My PhD research focuses on cultural diversity and UK craft, drawing on Black ecological thought and approaches from design and material anthropology. This is my second blog.
As someone who identifies as Jamaican, Sierra Leonean and British (amongst others) it is not an unusual experience for me to be the ‘diverse’ person in the room growing up and working in Britain. Identity has featured heavily in my work since I was a teenager, and I have always struggled with institutional approaches to diversity that begin and end with inclusion (as representation and recognition). It remakes the ‘us’ and ‘them’ narrative – those who automatically belong next to an inserted ‘other’ who is marginal, distant and additive to the space. In these contexts, inclusion remakes the division and repeats the same patterns of exclusion grounded in colonial structures of difference . While craft histories highlight cultures from around the world and contemporary craft delights in developing new craft economies through narratives of social change in low-income communities and innovation for industry, both reproduce colonial asymmetries of power. Through the consumption of the other, maintenance of hierarchical value systems, ideas of the individual/community, property and ownership, craft is intertwined with colonialism and capitalism. Western ideas of craft as activist and counter to these systems are not a given and require a deeper engagement with their own philosophies and values which emerge from the very politics of liberalism. 

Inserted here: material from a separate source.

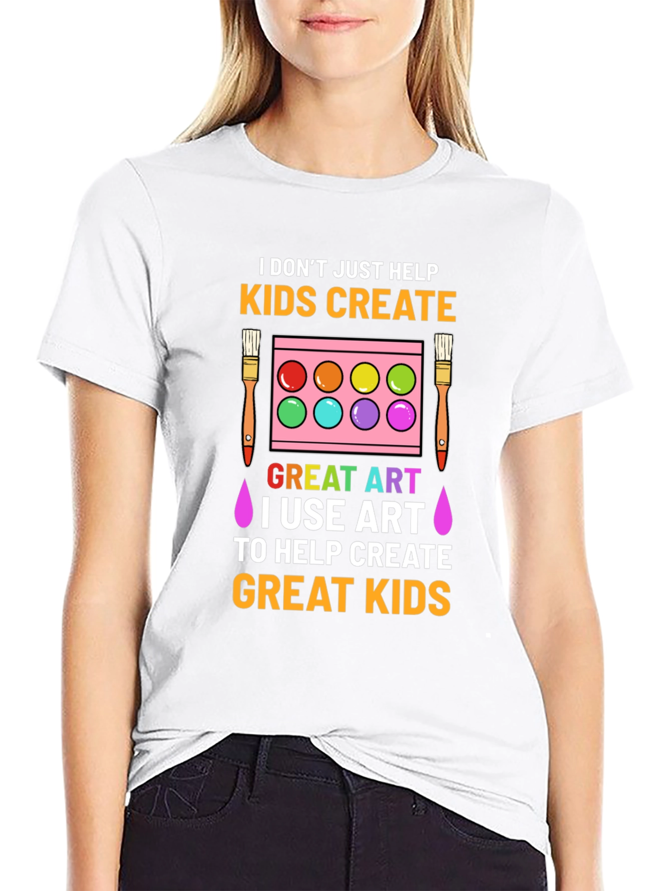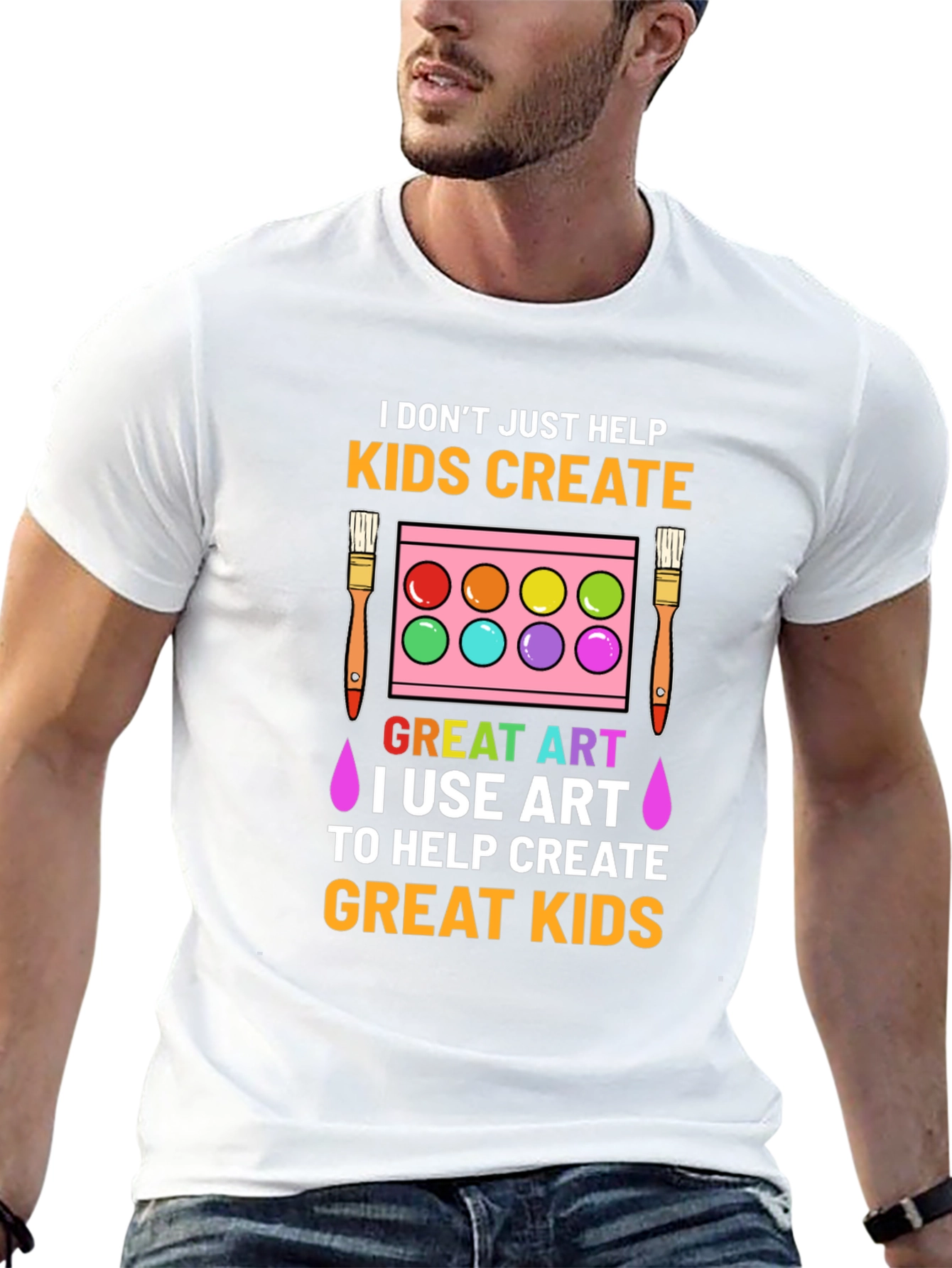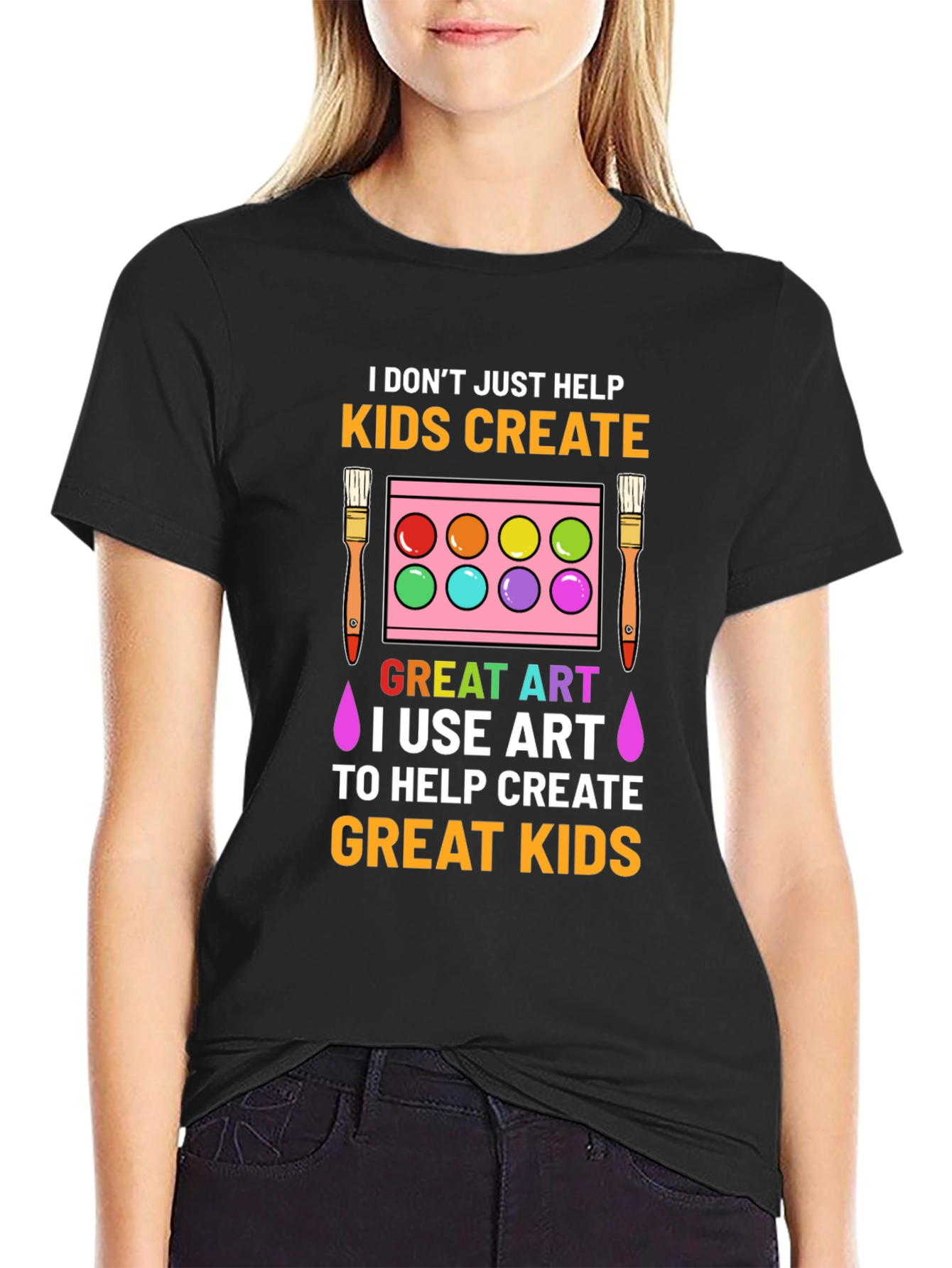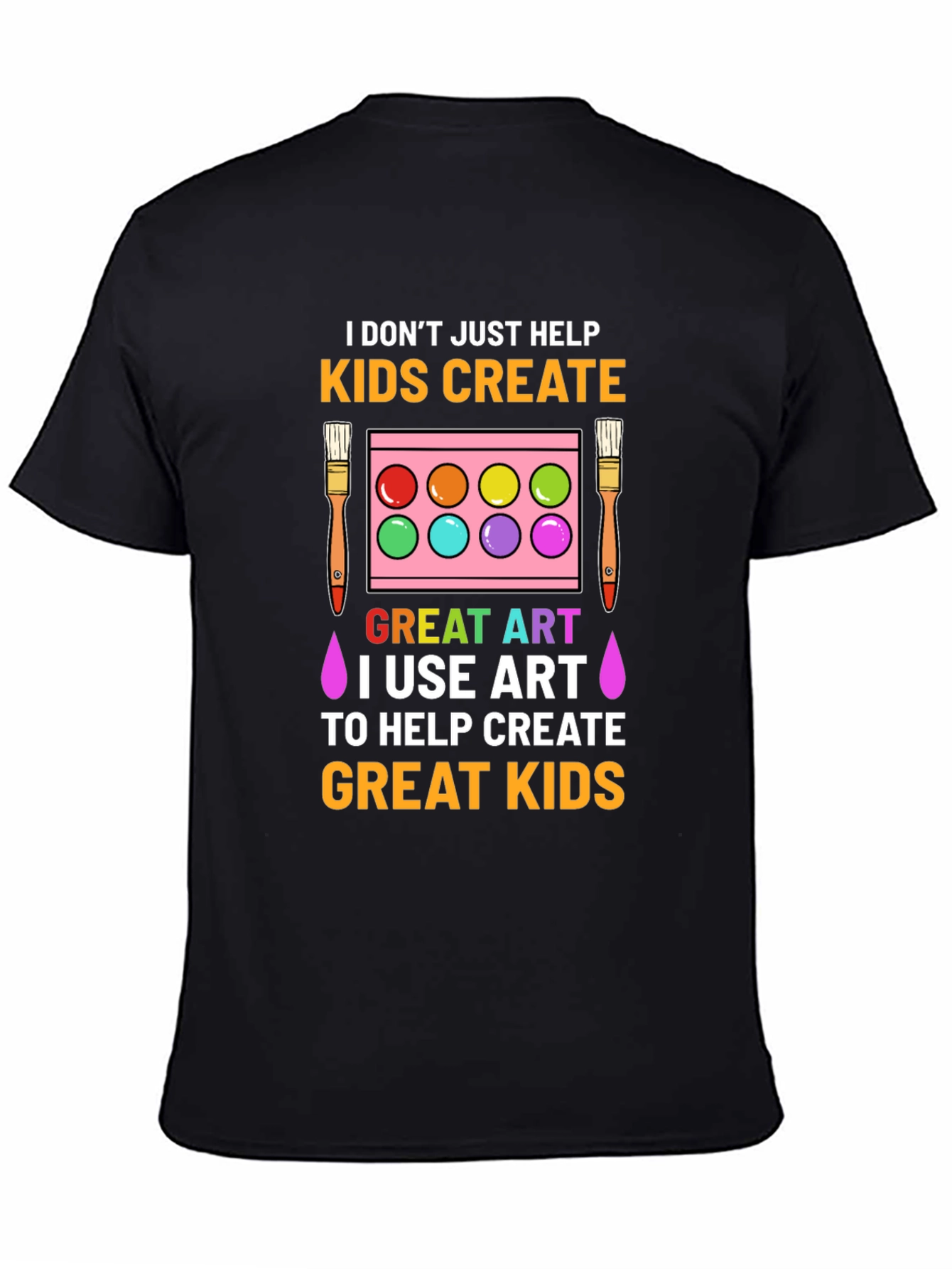 Show your passion for art and teaching with this unique black T-shirt! Featuring a vibrant graphic design with an artist's palette and brushes, it proudly proclaims, "I don't just help kids create great art; I use art to help create great kids." This tee is perfect for art teachers, parents, or anyone who believes in the power of creativity. Made from comfortable, breathable fabric, it’s ideal for everyday wear, art classes, or casual outings. Let your shirt spark conversations and inspire others with your dedication to nurturing young artists! Wear your heart on your sleeve (or rather, your chest!) and spread the joy of art.

Early on in the research, I made the decision to approach cultural diversity through the lens of social and racial justice. Starting here allowed has allowed a shift from questions on inclusion to deeper reflect on what it means to belong in a system founded on oppression and extraction. It has created space to trouble ideas around cultural differences that allow race and racialised structures to be ignored  and has led me to questions on knowledge and ways of knowing. As important as diverse stories are, who they are told by, how they are told and the lens they are filtered through matters. With this in mind, I take the alignment of Blackness and matter within colonial structures to explore ideas of knowledge creation and ways of knowing in and through craft. I attempt to bridge conversations on craft, materials and race, by bringing questions on materials (origins, use, exploitation, knowledge, agency) into conversation with questions about Blackness through acts of making. These acts of making are a mode of knowledge creation and positioned alongside an intentional misreading of the question “Who Makes?” (the title of a Craft Council report on diversity), to take the alignment of Blackness and matter as a generative space reformulated by Black African diasporas and as an opportunity to think and make otherwise . To think and make craft otherwise is to think and make through the perspectives and ideas that exist outside of Western Enlightenment thought, to think from the spaces that run counter to or exist at the borders of the colonial thought, to think from the marginal spaces. In this type of research project, driven by social research questions, both acts of making and Blackness are marginal spaces.
As part of this approach, I have been building on my previous research with Jamaican Lacebark, an African Jamaican material practice, as well as more generalised acts of making to reflect on concepts of Blackness, materials and our entanglements. Shortly I will be opening the collaborative aspect of the project which invites makers who identify as Black African Diaspora to work alongside me, each other and a material of their choice, to further explore our material relationships and how modes of working with might be a way to move towards a craft otherwise.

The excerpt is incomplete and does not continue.